- _What is being asked_: The exact lines of the listing, from its first through the line that contains "When creating a", are to make up the answer, and pictures are to be left out.

- _Supplied data_:
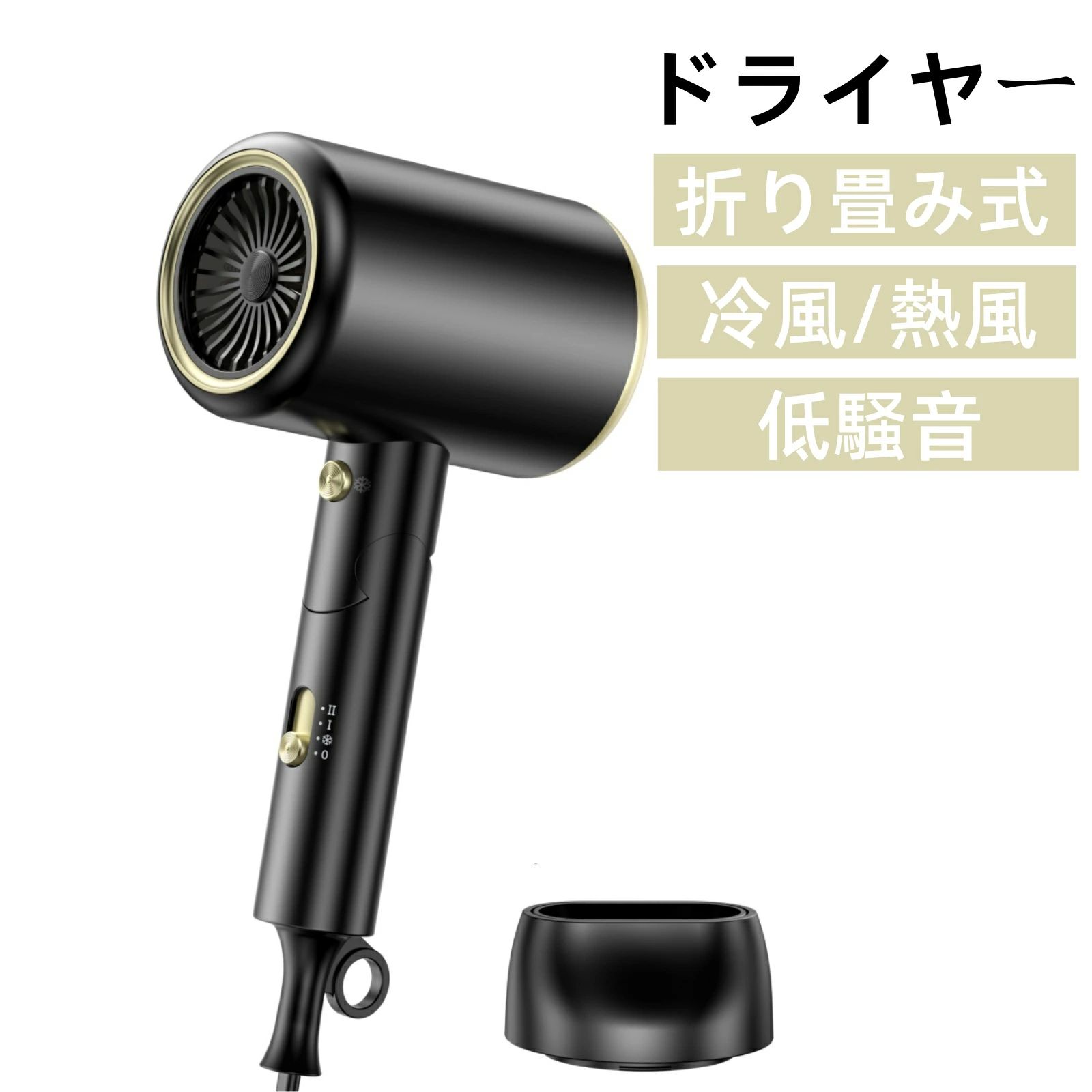 2025最新型 ドライヤー 大風量 速乾 軽量 折り畳み式 高濃度マイナスイオン 1400W 恒温 ヘアケア 冷熱風 3段階風量調節 ノズル付き コンパクト (ブラック)
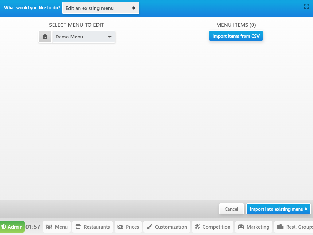 When creating a new Menu, you can click on the blue button Import items from CSV.
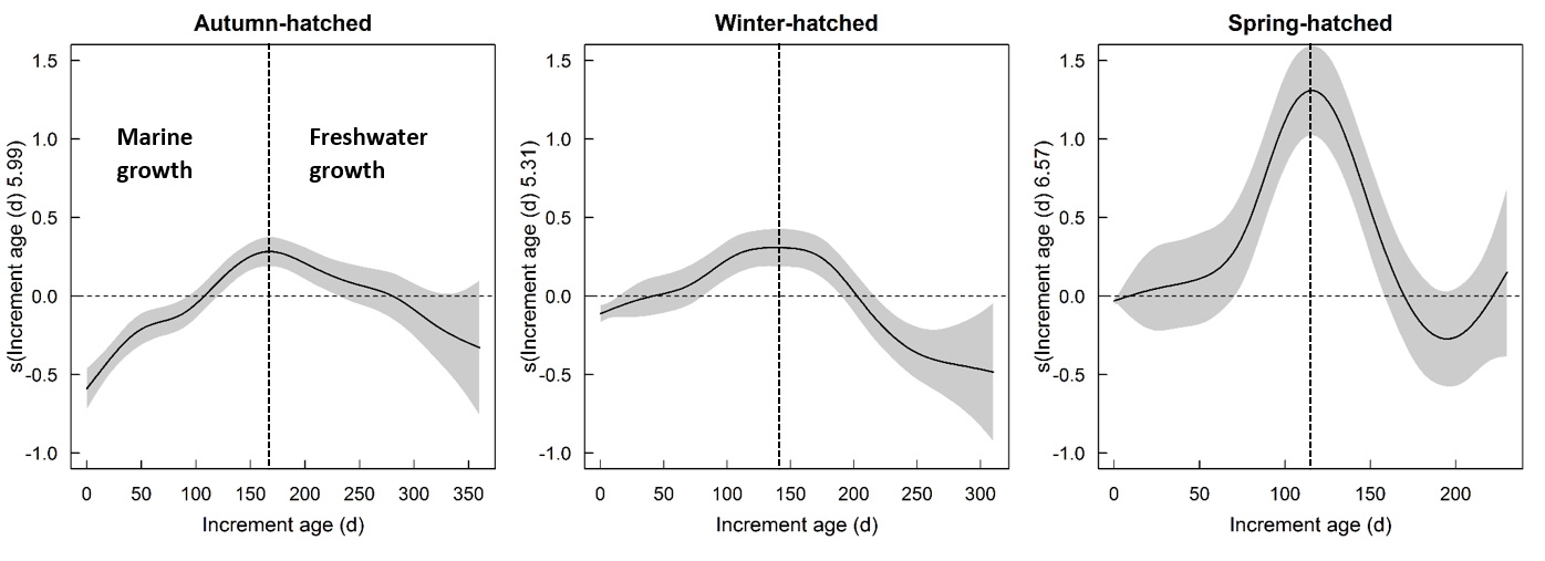 Age-dependent growth rates during marine and freshwater life of autumn, winter and spring-hatched inanga. Partial effects plots from the GAMMs for fitted smoothers of age-dependent growth rates among hatch-seasons. The estimated degrees of freedom (EDF) are shown on the y-axis. The dashed line is the model intercept and the grey shaded lines are the 95% confidence intervals of the predicted smoothers. Note the varying scales on the x-axes.

- _Reply_:
 2025最新型 ドライヤー 大風量 速乾 軽量 折り畳み式 高濃度マイナスイオン 1400W 恒温 ヘアケア 冷熱風 3段階風量調節 ノズル付き コンパクト (ブラック)
 When creating a new Menu, you can click on the blue button Import items from CSV.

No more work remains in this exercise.